═══ Dataset ═══

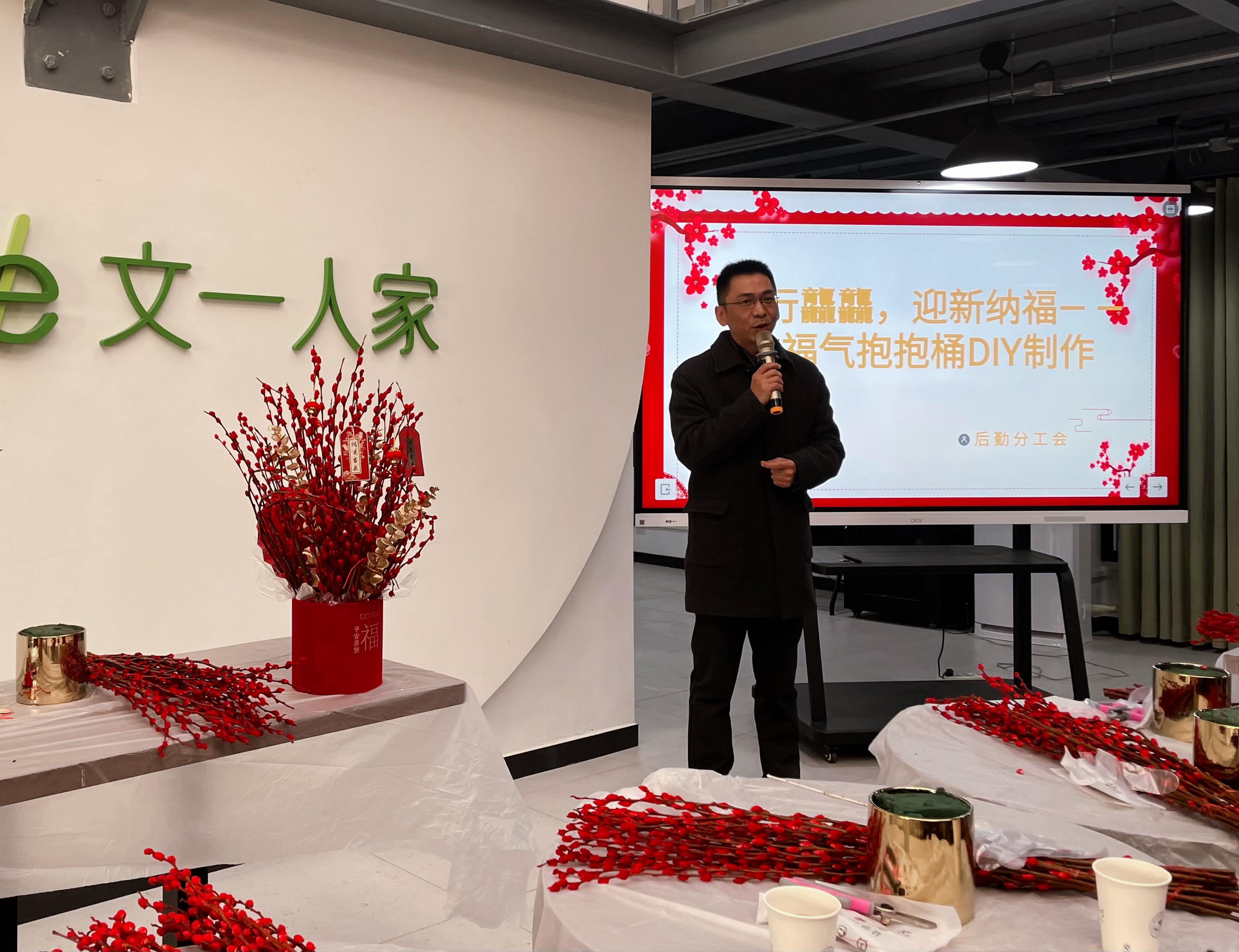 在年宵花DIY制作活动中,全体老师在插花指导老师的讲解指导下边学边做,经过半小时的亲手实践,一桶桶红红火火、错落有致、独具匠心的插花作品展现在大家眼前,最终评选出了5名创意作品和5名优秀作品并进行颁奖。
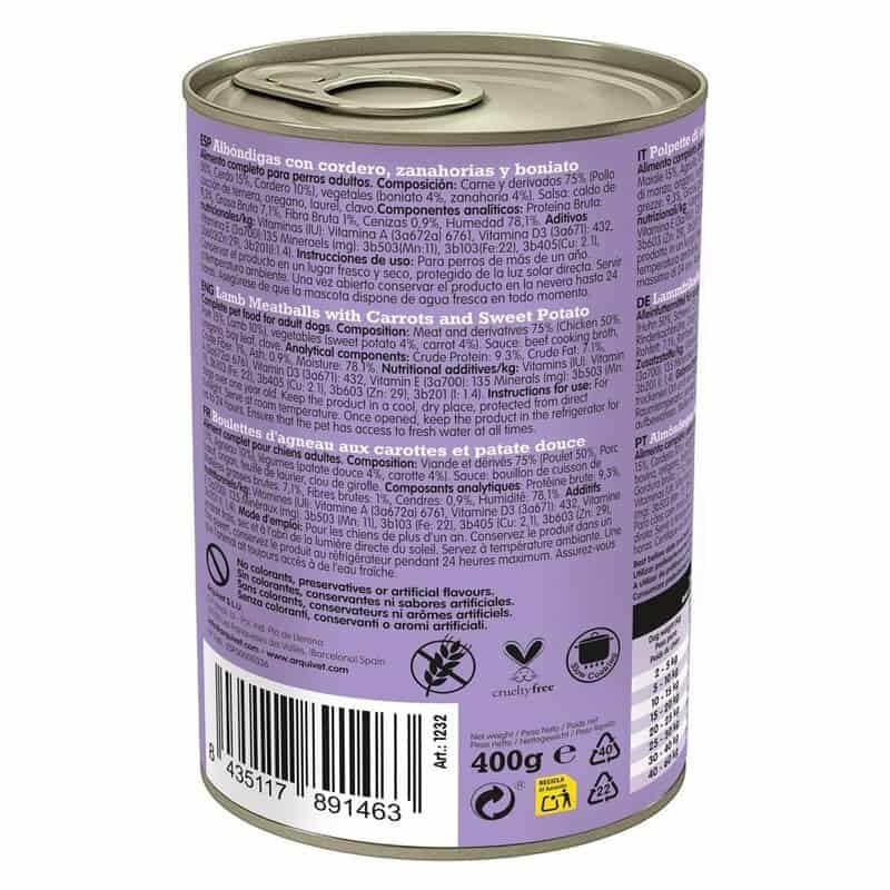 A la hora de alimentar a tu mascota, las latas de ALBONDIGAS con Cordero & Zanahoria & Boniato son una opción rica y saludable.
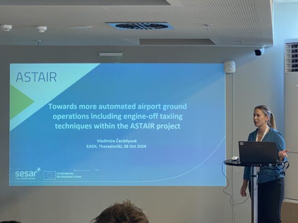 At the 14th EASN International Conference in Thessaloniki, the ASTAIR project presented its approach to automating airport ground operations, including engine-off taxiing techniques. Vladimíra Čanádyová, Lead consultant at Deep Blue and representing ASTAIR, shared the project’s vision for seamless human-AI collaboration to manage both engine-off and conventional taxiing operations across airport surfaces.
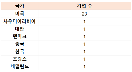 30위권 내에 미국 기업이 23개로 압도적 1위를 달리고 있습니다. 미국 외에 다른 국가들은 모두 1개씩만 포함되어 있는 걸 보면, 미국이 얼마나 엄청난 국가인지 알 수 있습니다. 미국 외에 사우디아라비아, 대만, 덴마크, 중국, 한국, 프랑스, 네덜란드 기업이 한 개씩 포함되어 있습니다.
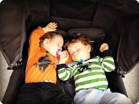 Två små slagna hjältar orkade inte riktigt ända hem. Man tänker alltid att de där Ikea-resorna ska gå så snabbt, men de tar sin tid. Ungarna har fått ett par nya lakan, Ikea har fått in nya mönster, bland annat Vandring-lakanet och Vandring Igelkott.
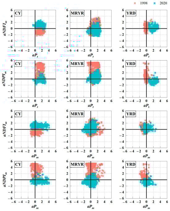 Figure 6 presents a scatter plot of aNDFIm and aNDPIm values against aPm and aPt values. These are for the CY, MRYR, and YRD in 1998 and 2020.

═══

### Assigned task
Skip every picture and transcribe the data above exactly.

### Exercise solution
 在年宵花DIY制作活动中,全体老师在插花指导老师的讲解指导下边学边做,经过半小时的亲手实践,一桶桶红红火火、错落有致、独具匠心的插花作品展现在大家眼前,最终评选出了5名创意作品和5名优秀作品并进行颁奖。
 A la hora de alimentar a tu mascota, las latas de ALBONDIGAS con Cordero & Zanahoria & Boniato son una opción rica y saludable.
 At the 14th EASN International Conference in Thessaloniki, the ASTAIR project presented its approach to automating airport ground operations, including engine-off taxiing techniques. Vladimíra Čanádyová, Lead consultant at Deep Blue and representing ASTAIR, shared the project’s vision for seamless human-AI collaboration to manage both engine-off and conventional taxiing operations across airport surfaces.
 30위권 내에 미국 기업이 23개로 압도적 1위를 달리고 있습니다. 미국 외에 다른 국가들은 모두 1개씩만 포함되어 있는 걸 보면, 미국이 얼마나 엄청난 국가인지 알 수 있습니다. 미국 외에 사우디아라비아, 대만, 덴마크, 중국, 한국, 프랑스, 네덜란드 기업이 한 개씩 포함되어 있습니다.
 Två små slagna hjältar orkade inte riktigt ända hem. Man tänker alltid att de där Ikea-resorna ska gå så snabbt, men de tar sin tid. Ungarna har fått ett par nya lakan, Ikea har fått in nya mönster, bland annat Vandring-lakanet och Vandring Igelkott.
 Figure 6 presents a scatter plot of aNDFIm and aNDPIm values against aPm and aPt values. These are for the CY, MRYR, and YRD in 1998 and 2020.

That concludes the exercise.